Posts Tagged “user experience”

Ok, first of all, you should be displaying full text for your feeds; none of this crap where you only display a teaser. Teasers are a waste of time, and just wear me out. I have RSS feeds because I DON’T want to visit the site and wait for all your images to load. I want to be able to judge for myself whether your post is important without having to visit the real thing.

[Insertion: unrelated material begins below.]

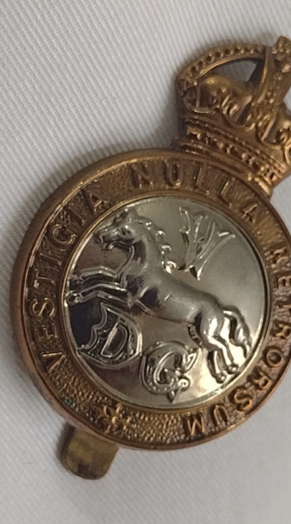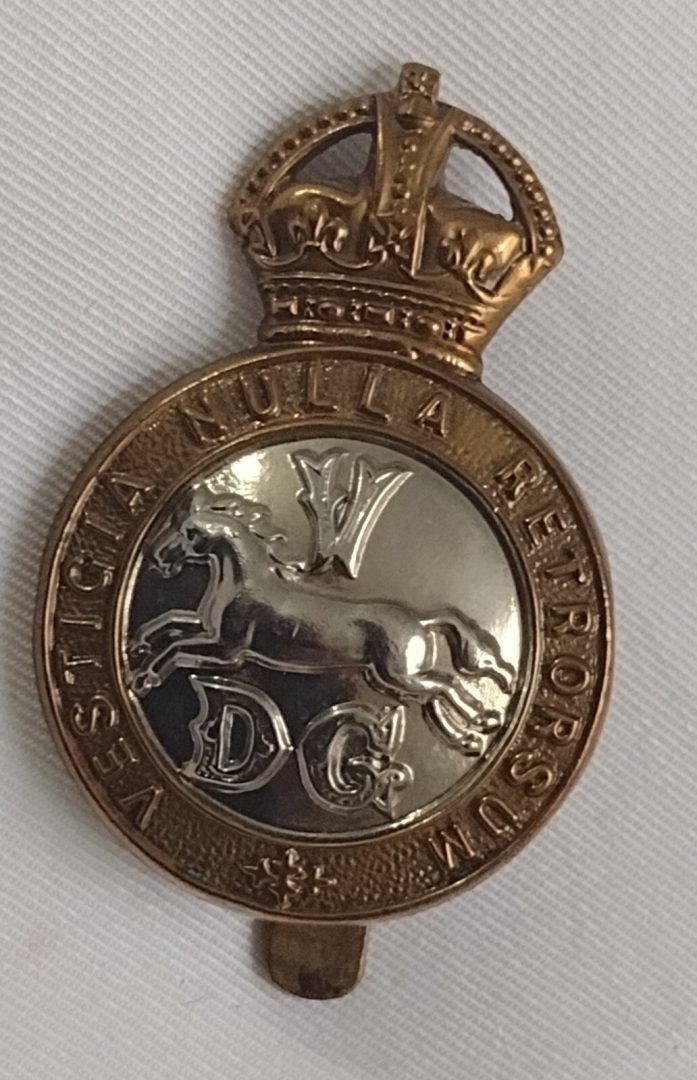 WW1 5th Dragoon Guards Cap Badge KC Bi-Metal Slider ANTIQUE Original
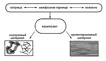 Композиционными называют материалы, состоящие из двух или более фаз с четкой межфазной границей системы, которые содержат усиливающие (армирующие) элементы (волокна, пластины, частицы) с различным отношением длины к сечению (что и создает усиливающий эффект), погруженные в полимерную матрицу.

Anyway, here’s my point in this article: you should design your articles with RSS feeds in mind first. If you run a blog, that’s probably how a lot of your viewership reads what you write. What does this mean for your code? Well, it means you need gracefully degrading, semantic HTML.

Semantic HTML

You need descriptive HTML that splits your articles into sections logically. You don’t always have access to CSS styling (or at least, you can’t count on it), so you should be using your headers, paragraph elements, and lists as appropriate. If your article is viewed without anything other than default styling, your readers will still be able to easily skim to where they want to read.

Graceful degradation

If a feed reader does support HTML (most nowadays do), you won’t be able to count on certain things, like external stylesheets, background images, or video and normal images working properly. If you post a video, make sure to also post a link directly to the video.

Basically, if something you’re writing won’t work without CSS, find a different way to do it. You can’t make your feed look just like your web page, and you shouldn’t try either. They’re essentially different media.